Using the decorator method allows you to customize the handle_async method of the tool, or add additional fields to the ToolMessage. You may want to customize the input to the tool, or the tool result before it is sent back to the LLM. If you don't override it, the default behavior is to simply return the value of the "raw" MCP tool call await self.call_tool_async().

@mcp_tool(server, "calculate")
class CalcTool(ToolMessage):
    """Perform complex calculation."""

    async def handle_async(self) -> str:
        result = await self.call_tool_async()
        # Add context or emojis, etc.
        return f"🧮 Result is *{result}*"

3. Enabling Tools in Your Agent

Once you’ve created a Langroid ToolMessage subclass from an MCP server, you can enable it on a ChatAgent, just like you normally would. Below is an example of using the Exa MCP server to create a Langroid web search tool, enable a ChatAgent to use it, and then set up a Task to run the agent loop.

First we must define the appropriate ClientTransport for the MCP server:

# define the transport
transport = NpxStdioTransport(
    package="exa-mcp-server",
    env_vars=dict(EXA_API_KEY=os.getenv("EXA_API_KEY")),
)

Then we use the @mcp_tool decorator to create a ToolMessage subclass representing the web search tool. Note that one reason to use the decorator to define our tool is so we can specify a custom handle_async method that controls what is sent to the LLM after the actual raw MCP tool-call (the call_tool_async method) is made.

# the second arg specifically refers to the `web_search_exa` tool available
# on the server defined by the `transport` variable.
@mcp_tool(transport, "web_search_exa")
class ExaSearchTool(lr.ToolMessage):
    async def handle_async(self):
        result: str = await self.call_tool_async()
        return f"""
        Below are the results of the web search:

        <WebSearchResult>
        {result}
        </WebSearchResult>

        Use these results to answer the user's original question.
        """

If we did not want to override the handle_async method, we could simply have created the ExaSearchTool class programmatically via the get_langroid_tool_async function as shown above, i.e.:

from langroid.agent.tools.mcp import get_tool_async

ExaSearchTool = awwait
get_tool_async(transport, "web_search_exa")

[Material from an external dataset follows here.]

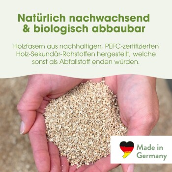 - Hergestellt aus nachwachsenden Holzfasern, biologisch abbaubar

We can now define our main function where we create our ChatAgent, attach the ExaSearchTool to it, define the Task, and run the task loop.

async def main():
    agent = lr.ChatAgent(
        lr.ChatAgentConfig(
            # forward to user when LLM doesn't use a tool
            handle_llm_no_tool=NonToolAction.FORWARD_USER,
            llm=lm.OpenAIGPTConfig(
                max_output_tokens=1000,
                # this defaults to True, but we set it to False so we can see output
                async_stream_quiet=False,
            ),
        )
    )

    # enable the agent to use the web-search tool
    agent.enable_message(ExaSearchTool)
    # make task with interactive=False =>
    # waits for user only when LLM doesn't use a tool
    task = lr.Task(agent, interactive=False)
    await task.run_async()

See exa-web-search.py for a full working example of this.